Avec une portée de plus de 10.000 km, ce missile peut atteindre Paris. Sa vitesse de pointe est de sept kilomètres par seconde. Autrement dit, si ce missile est tiré depuis Moscou, il frappe Londres en moins de six minutes. Vladimir Poutine affirme que l’ogive peut traverser le pôle Nord et le pôle Sud. Ce missile est capable de "déjouer tous les systèmes anti-aériens modernes", c’est-à-dire de brouiller les radars, d’après le chef du Kremlin.

Dans une vidéo, le porte-parole du ministère russe de la Défense, Igor Konachenkov, a affirmé que le tir avait lieu à 15H12 depuis l'aire de lancement de Plessetsk, dans la région d'Arkhanguelsk (nord-ouest).
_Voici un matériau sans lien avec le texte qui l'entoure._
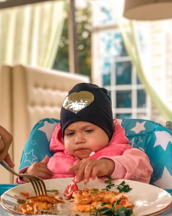 С Мией у меня не было заморочек, по поводу размельчения пищи👌🏻 Да и мне просто было лень, столько времени тратить, чтобы ребёнок попробовал пару ложек или вообще отказался есть🤪 Поэтому я давала сразу всё целиком, сколько съест, столько и съест🙈
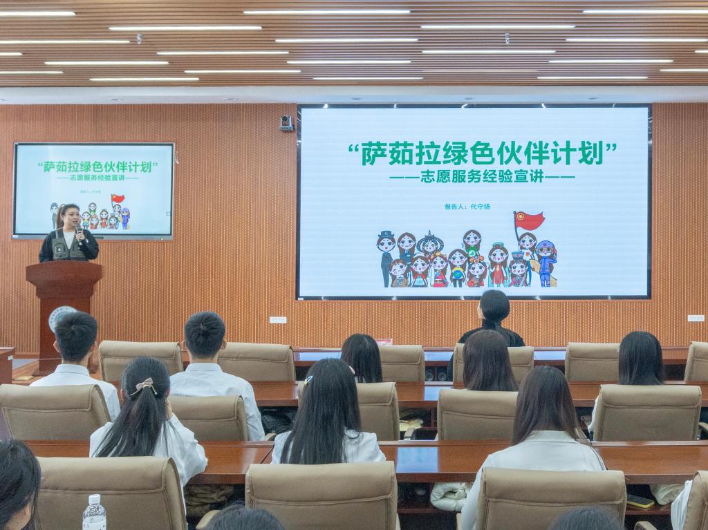 活动邀请了志愿服务领域的优秀青年志愿者代表、呼伦贝尔环保志愿者协会会长代守扬走进学校、面向青年分享自身的志愿服务故事。代守扬结合呼伦贝尔环保志愿协会“萨茹拉绿色伙伴计划生态文化品牌建设”项目进行分享。多年来,他们以环保志愿者为主要力量,不断开展绿色环保主题宣传和志愿服务活动,积极推动生态环保理念进校园、进企业、进社区,普及和广泛传播生态文明理念。她结合自己在绿色发展和志愿服务领域的奋斗故事,勉励广大青年积极投身绿色环保志愿服务,传播生态文明理念,共同建设美丽中国。与会志愿者纷纷表示,要以代守扬为榜样,积极投身志愿服务,在强国建设、民族复兴伟业中挺膺担当。
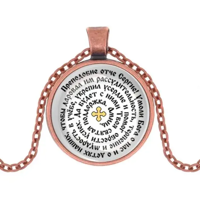 Кулон, цвет медь, с цепочкой, Молитва Сергею Радонежскому о помощи в учебе C1211030
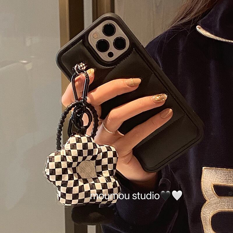 と韓国のダウンジャケット市松模様の花に適したアップル11iphone13携帯電話シェル12promaxシリコンスリーブ8p レッド フラワーデザイン かわいいA MOMO_A98674687530

Le missile a atteint ensuite comme prévu une cible sur un autre terrain militaire, celui de Koura, sur la péninsule russe du Kamtchatka, en Extrême-Orient, à plus de 6.000 kilomètres de là. Vladimir Poutine déclare :

C'est véritablement une arme unique qui va renforcer le potentiel militaire de nos forces armées, qui assurera la sécurité de la Russie face aux menaces extérieures et qui fera réfléchir à deux fois ceux qui essayent de menacer notre pays avec une rhétorique déchaînée et agressive.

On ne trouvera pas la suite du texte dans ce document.